Пошатываясь от изнеможения, Федька навалилась задвинуть вход сундуком, но ничего не сумела и даже пустую бочку не шевельнула. Оставила все как есть, добрела до комнаты, хватило сил накинуть крюк, она прислонилась к косяку, придерживаясь за стену. Голова кружилась, забылся страх, осталась слабость, жар и комок в горле. Горло пережато, не продохнуть, бесчувственность во всем теле.

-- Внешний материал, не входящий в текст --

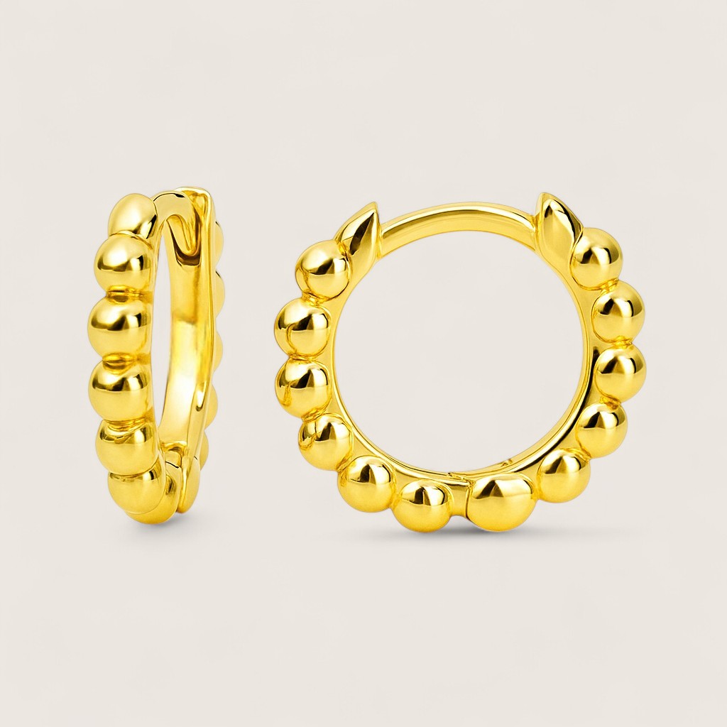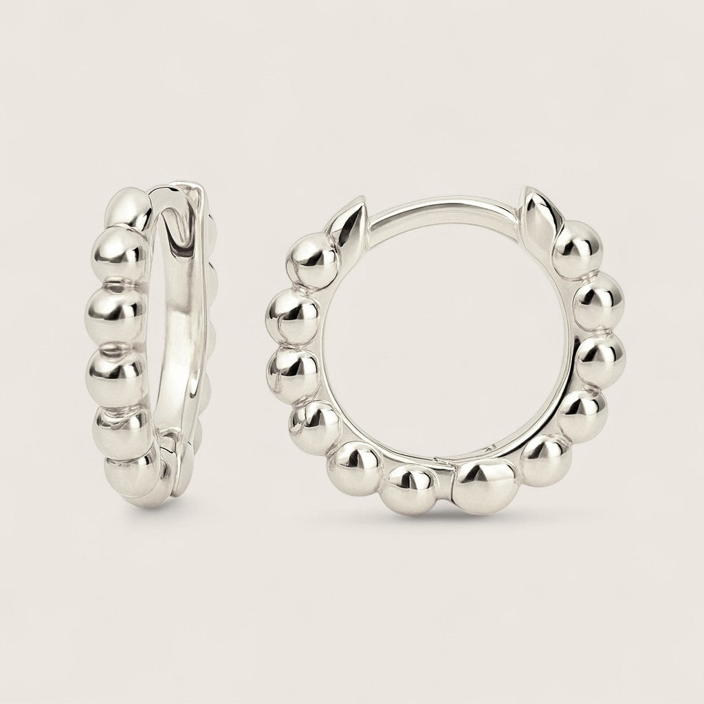 These chic 11mm beaded hoop huggies bring a modern twist to a timeless silhouette. Crafted in sterling silver and finished with your choice of luxurious 18K gold plating or sleek rhodium plating, each earring features a playful row of rounded beads that catch the light from every angle. With a 1.5mm thickness, they strike the perfect balance between delicate and bold, making them an effortless everyday staple or a stylish stackable piece.

Федька провела рукой по лицу, но пальцы не слушались – деревянные пальцы на деревянной щеке – и сплошь Федька одеревенела, врастая в одверье.

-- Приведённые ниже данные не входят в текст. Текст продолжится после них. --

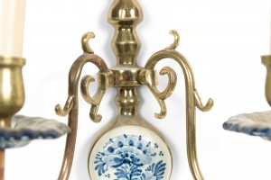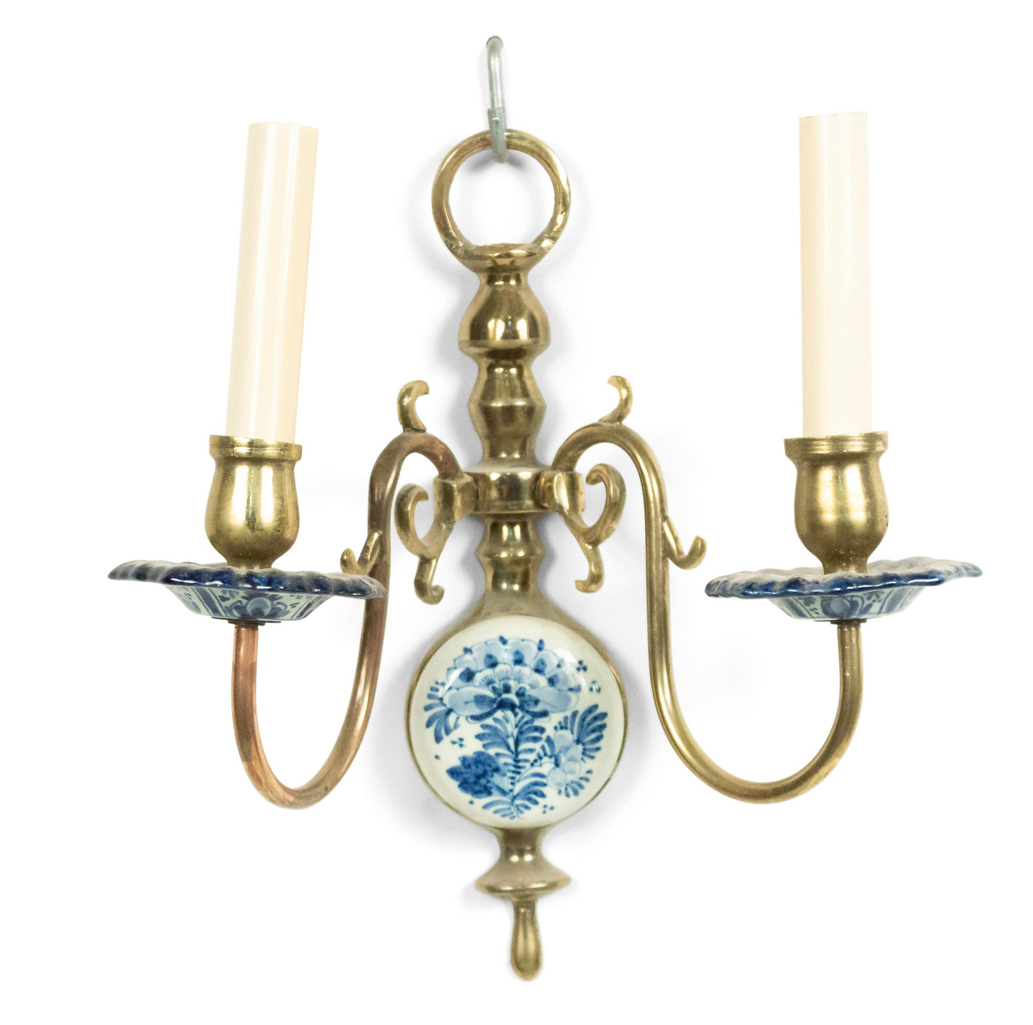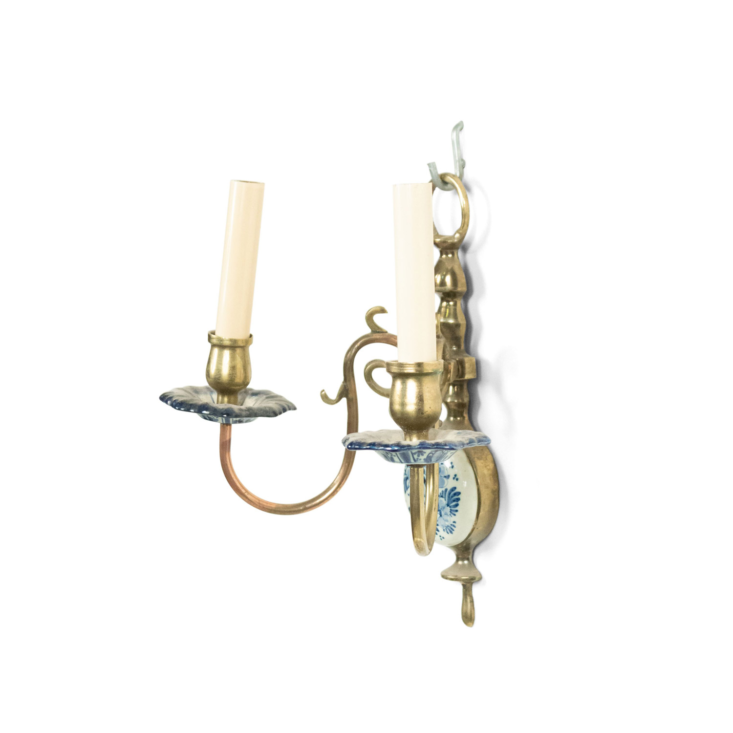 Dutch Delft Blue Porcelain and Brass Wall Sconce

Сухими, как палочки, пальцами нельзя было поправить свечу, они ничего не удерживали и могли загореться; и хотя Федька знала, что боли не заметит, пусть бы и до локтя занялось, благоразумие, малый его остаточек, благоразумие, не вовсе ее оставившее, подсказывало, что делать это – подносить деревянную руку к огню – не следует.
Прохора попросить разве, чтобы поправил свечу. Но Прохора Федька, кажется, застрелила… Сабля его тут, на полу, а Прохора нет, никого в комнате, даже и Федьки самой не ощущается присутствие, так здесь тихо и пусто. Прохор ушел, и это должно было бы вызвать у Федьки изумление, если бы она была способна испытывать столь сильное чувство. Не способная, она догадывалась, смутно помнила, что обстоятельство это: сабля тут, а Прохора нет – необычайно до крайности. Поразительное несоответствие: Прохора нет, а сабля вот – должно было бы вызвать потрясение у человека с целым умом, и если Федька, уставившись на саблю с тупым удивлением, признаков возбуждения не выказывала, то это нельзя было объяснить иначе, как деревянным состоянием ее мозгов.

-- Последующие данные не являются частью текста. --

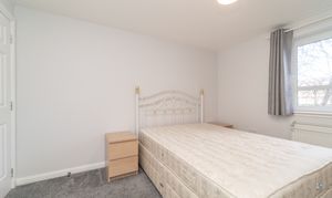The delightful second double bedroom is finished with light grey painted walls and carpet to the floor. The rear facing window allows in natural light and is enhanced by a ceiling light. A built in wardrobe provides hanging and shelving storage space. A radiator and power points finish off this space.
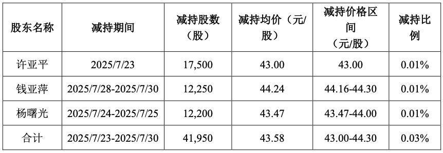 另外,春雨欣投资在2025年6月23日至24日通过集中竞价交易方式合计减持华亚智能股份24.7万股,占公司总股本的0.19%;陆巧英在5月28日通过大宗交易方式合计转让华亚智能股份94.06万股,占公司总股本的0.99%。本次减持后,陆巧英直接持有的华亚智能股份比例由1.81%降至0.82%。
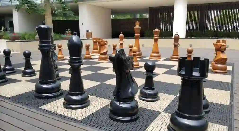美国兰德公司位于圣塔莫尼卡的建筑中庭里,有个巨型棋盘可以让人们在空闲时间来一局。
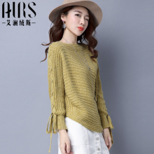 2016秋装新款女装潮 宽松一字领长袖上衣套头毛衣针织衫蝙蝠衫
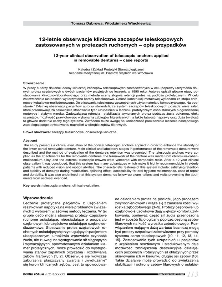 Tomasz Dąbrowa, Włodzimierz Więckiewicz 12-letnie obserwacje kliniczne zaczepów teleskopowych zastosowanych w protezach ruchomych – opis przypadków 12-year clinical observation of telescopic anchors applied in removable dentures – case reports Katedra i Zakład Protetyki Stomatologicznej Akademii Medycznej im. Piastów Śląskich we Wrocławiu Streszczenie W pracy autorzy dokonali oceny klinicznej zaczepów teleskopowych zastosowanych w celu poprawy utrzymania dolnych protez częściowych u dwóch pacjentów przyjętych do leczenia w 1990 roku. Autorzy opisali główne etapy postępowania kliniczno-laboratoryjnego oraz metodę oceny stopnia retencji protez na podłożu protetycznym. W celu zakotwiczenia uzupełnień wykorzystano korony teleskopowe. Całość konstrukcji metalowej wykonano ze stopu chromowo-kobaltowo-molibdenowego. Do olicowania teleskopów zewnętrznych użyto materiału kompozytowego. Na podstawie 12-letniej obserwacji pacjentów autorzy stwierdzili, że system zaczepów teleskopowych posiada wiele zalet, które przemawiają za celowością stosowania tych uzupełnień w leczeniu protetycznym osób starszych o ograniczonej motoryce i słabym wzroku. Zadowalająca retencja i stabilizacja wykonanych protez podczas żucia pokarmu, efekt szynujący, możliwość prawidłowego wykonania zabiegów higienicznych, a także łatwość naprawy oraz duża trwałość to główne dodatnie cechy tego systemu. Zwrócono także uwagę na konieczność prowadzenia leczenia następowego zapobiegającego powstawaniu naprężeń w obrębie zębów filarowych. Słowa kluczowe: zaczepy teleskopowe, obserwacje kliniczne. Abstract The study presents a clinical evaluation of the conical telescopic anchors applied in order to enhance the stability of the lower partial removable denture. Main clinical and labolatory stages in performance of the removable denture were described and the method of evaluation of the denture’s retention was presented. The telescopic anchors were applied as the attachments for the removable dentures, the framework of the denture was made from chromium-cobaltmolibdenium alloy, and the external telescopic crowns were veneered with composite resin. After a 12-year clinical observation it was concluded, that this system has many advantages which make it highly recommendable in elderly patients with reduced vision and motion abilities. The characteristic features of this system include: satisfying retention and stability of dentures during mastication, splinting effect, accessibility for oral hygiene maintenance, ease of repair and durability. It was also underlined that this system demands follow-up examinations and visits preventing the abutments from occlusal overload. Key words: telescopic anchors, clinical evaluation. Wprowadzenie Leczenie protetyczne pacjentów z uzębieniem resztkowym napotyka na wiele problemów związanych z wyborem właściwej metody leczenia. W tej grupie osób można stosować protezy częściowe ruchome osiadające, nieosiadające o podparciu ozębnowym lub częściowo osiadające ozębnowośluzówkowe. Stosowanie protez częściowych ruchomych osiadających przysługujących pacjentom ubezpieczonym, umożliwia wprawdzie czynność żucia, ale z uwagi na występowanie sił ciągnących i wyważających, spowodowanych działaniem klamer protetycznych, może prowadzić do występowania stanów zapalnych przyzębia i rozchwiania zębów filarowych [1, 2]. Obserwuje się wówczas zaburzenia płaszczyzny zwarcia i „wydłużanie” się koron klinicznych zębów. Jest to spowodowaDENTAL FORUM /1/2013/XXXXI ne osiadaniem protez na podłożu, jego procesem zwyrodnieniowym i wiąże się z zanikiem kości wyrostka zębodołowego [3–9]. Protezy ozębnowe lub ozębnowo-śluzówkowe dają większy komfort użytkowania, ponieważ część sił żucia przenoszona jest w sposób fizjologiczny poprzez ozębną zębów filarowych na kość wyrostka zębodołowego. Rozwiązaniem mającym dużą wartość leczniczą mogą być protezy częściowe zakotwiczone przy pomocy systemu koron teleskopowych [10, 11, 12, 13, 14, 15]. Zastosowanie tych uzupełnień u pacjentów z uzębieniem resztkowym i zredukowanym daje możliwość zmniejszenia destrukcyjnie działających poziomych i rotacyjnych sił okluzyjnych przez skierowanie ich w kierunku długiej osi zębów [16]. Takie działanie może prowadzić do zwiększenia stabilizacji i ochrony zębów filarowych o osłabioPRACE KAZUISTYCZNE 113 Tomasz Dąbrowa, Włodzimierz Więckiewicz nym przyzębiu, wpływając korzystnie na poprawę efektu czynnościowego. Korona teleskopowa stanowi zespół składający się z dwóch elementów. Jest to korona wewnętrzna, zwana patrycą lub koroną pierwotną, oraz korona zewnętrzna określana mianem matrycy lub korony wtórnej. Patryca jest osadzona na stałe na zębie filarowym, zaś matryca jest połączona z konstrukcją protezy. Matryca ma kształt zbliżony do zęba naturalnego [17–20]. Głównym celem artykułu jest kliniczna ocena opisywanych zaczepów po 12-letnim okresie obserwacji użytkowania dolnych protez częściowych z koronami teleskopowymi przez dwóch pacjentów przyjętych do leczenia w 1998 roku. Pacjentka H.B., lat 72, numer historii choroby 499/1999, została skierowana z przychodni rejonowej do Zakładu Protetyki Stomatologicznej AM we Wrocławiu w celu leczenia protetycznego. W badaniu klinicznym stwierdzono całkowity brak uzębienia w szczęce i obecność ośmiu zębów w żuchwie, tj. 31, 32, 33, 34, 41, 42, 43, 44 co odpowiada I klasie braków uzębienia według Kennedy’ego. Zęby 31, 32, 41, 42 były w III stopniu rozchwiania wg Entina. Pacjentka użytkowała starą całkowitą protezę górną, która była wielokrotnie naprawiana. Uskarżała się na dolegliwości bólowe, które sprawiała jej poprzednio wykonana proteza częściowa w żuchwie. Na podstawie przeprowadzonego badania ustalono plan leczenia, który polegał na wyk

Сабля лежала на полу. Свеча горела на столе. Федька стола у косяка. Эти три явления приходилось удерживать в сознании одновременно, и Федька старалась сосредоточиться, ничего лишнего, отвлекающего сюда не примешивать, чтобы не сбиться. Сабля на полу, свеча на столе, а Федька у косяка – в этом заключалась устойчивость. Опираясь на три точки, легче было держаться на ногах.
Тяжесть, которую принимала Федька плечами и суставами, сама по себе не была чрезмерной, утомляло лишь постоянство, с каким собственное тело давило однообразно вниз. Не хорошо – догадалась Федька. Долго ей пришлось добираться до этой мысли. И не скоро освоила она следующую: на лавке тулуп. Там хорошо. А здесь плохо.
Кружным путем, по окраинам, Федька принялась одолевать комнату, стараясь действовать не наобум и беспорядочно, а именно в тот момент, когда пол поднимался вверх и общий крен на стену способствовал движению – ловчее было продвигаться, перебирая руками. Когда же, наоборот, стена обнаруживала угрожающий нрав, завалилась на Федьку, а пол проседал, уходил из-под ног, она предпочитала не рисковать, пережидая, пока такое положение вещей не изменится к лучшему.
Непредвиденным затруднением предстал моток веревки.
Большая груда просаленной веревки перегородила лавку и, не помещаясь там целиком, свисала. Федька остановилась думать: потирала глаза, вновь и вновь оглядывая жилистые, черные от вара жгуты. Что-то приключилось со зрением: витки множились, путались и груда сама расплывалась, меняя очертания. Хотелось придержать, чтобы не расползлась вовсе.
«Не торопись, – уговаривала она себя, – думай».
Первое ей удавалось, второе нет.
В конце концов, вяло озлилась: какого черта! Ага! Вот! Черт принес и бросил. Понятно. Или Прохор принес. Кто-то из них снял с плеча и кинул через комнату большой моток веревки. Тут он упал. И вот лежит. А Федьке нужно пройти.
Крепкая веревка, сплетенная из сердцевины конопли: колокол поднимать или тянуть дощаник против течения… Но что тянуть здесь?
Федька села, прикрыла веки. Покачивалась под ней лавка, баюкала, но не дремалось и отдыха не было. Усталость не давала заснуть, не отпускала ни в день, ни в ночь, удерживала Федьку в одном и том же сумеречном состоянии…
Веревка переместилась.
Все груда шевелилась на месте, где и прежде, а конец, размотавшись, сполз на лавку. Федька посмотрела и закрыла глаза, но смутное беспокойство заставило ее, сделав усилие, приподнять тяжелые веки. Она убедилась, что веревка, оставляя на досках след, продолжает ползти, растрепанный, ощетинившийся венчиком конец подступал к бедру.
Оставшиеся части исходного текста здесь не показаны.